Still full of surprises
This new study shows that octopus at hydrothermal vents impact more than their own little hotspots — they drive whole ecosystems with undefined boundaries.
“Historically, we’ve focused on hydrothermal vents and cold seeps and those crazy animals that exist at these extreme places and do these wackadoo things,” said Du Preez, “but studies like this show us that it’s not just that alien world.
“When you think about the magnitude of octopus that Jim (Barry) and his team found,” Du Preez said, “and the number of offspring that that site is putting out, and how widely distributed that octopus is, it’s hard to actually wrap your head around how much that site is probably influencing the larger ocean. The Pacific Ocean is massive, and its at depths that these octopus can migrate to — it’s all interconnected.”
Barry and DeVogelaere’s teams have more work to do at Davidson Seamount. They plan to learn more about the geology and the plumbing of the hydrothermal springs, more about the carbon these nurseries contribute to the deep-sea ecosystems and more about the octopus themselves — how octopus moms decide where to allocate their energy and how they fight predators, where hatchlings go after they’ve hatched and how they find their way back.

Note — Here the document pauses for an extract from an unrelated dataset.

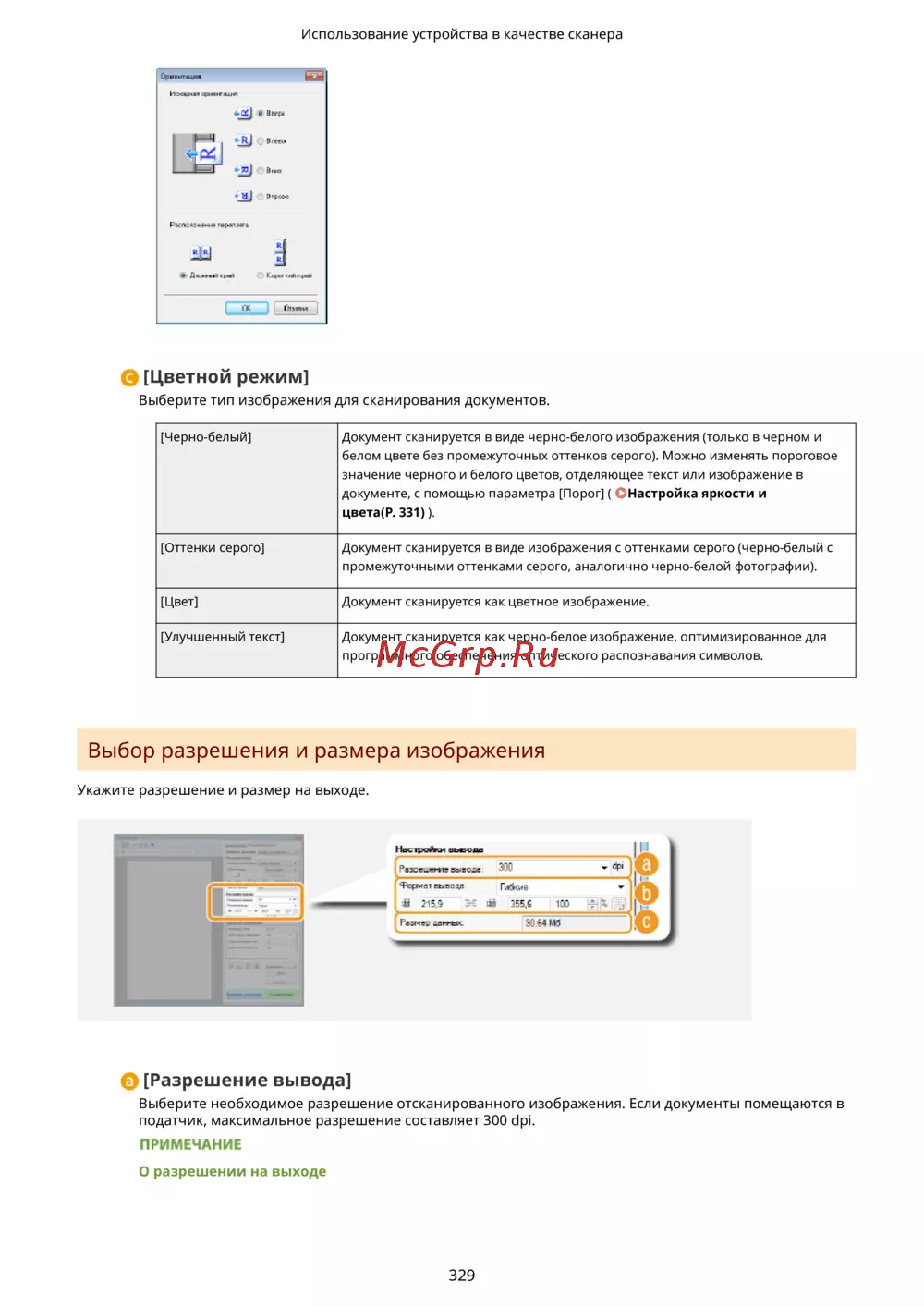 Выберите необходимое разрешение отсканированного изображения. Если документы помещаются в

But to understand the global scale of the nurseries’ impacts, they’ll keep spending time with individuals. Du Preez said it’s amazing to study creatures whose mysterious lives in the deep sea are so cryptic and yet so relatable.

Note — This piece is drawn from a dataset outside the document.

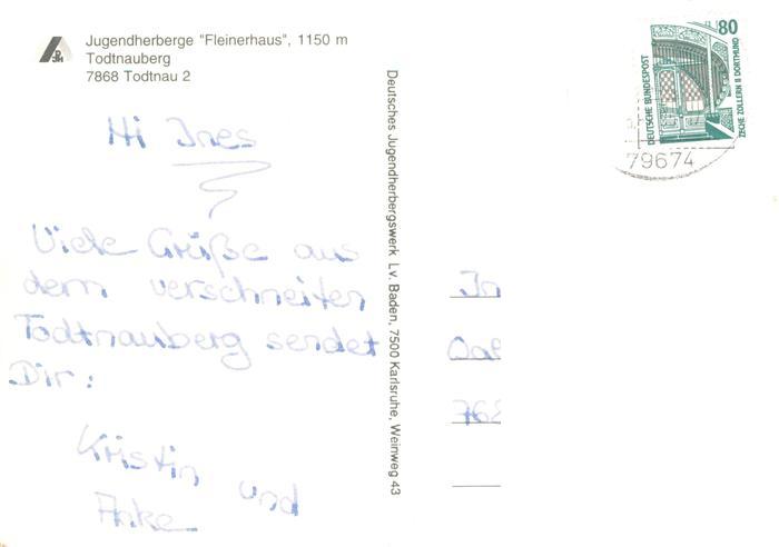 73935140 Todtnauberg Schwarzwald BW Jugendherberge Fleinerhaus Panorama postalisch gelaufen Erhaltung siehe scans [WerneD78] alte Postkarte Wern Katcode 11110008336087

“We all have moms, we all know sacrifice for the next generation,” she said. “We think of that as so human, and then 3,000 meters down into the deep we’re finding animals that remind us of that.”
Barry finds it hard to describe the experience of getting to know individual animals over time.
“Those are beautiful and just amazing to me, and I love working on them, but there’s something about these octopus that you can relate to, on a personal level that you can’t relate to with a coral,” he said. “This might be my favorite project…it’s certainly the most compelling.”
DeVogelaere hopes the work will motivate the next generation of marine scientists. “A lot of people think that maybe the age of exploration is done, but there’s still new animals to be found and new places to explore and there’s actually, I believe, a real need to know and understand them,” he said.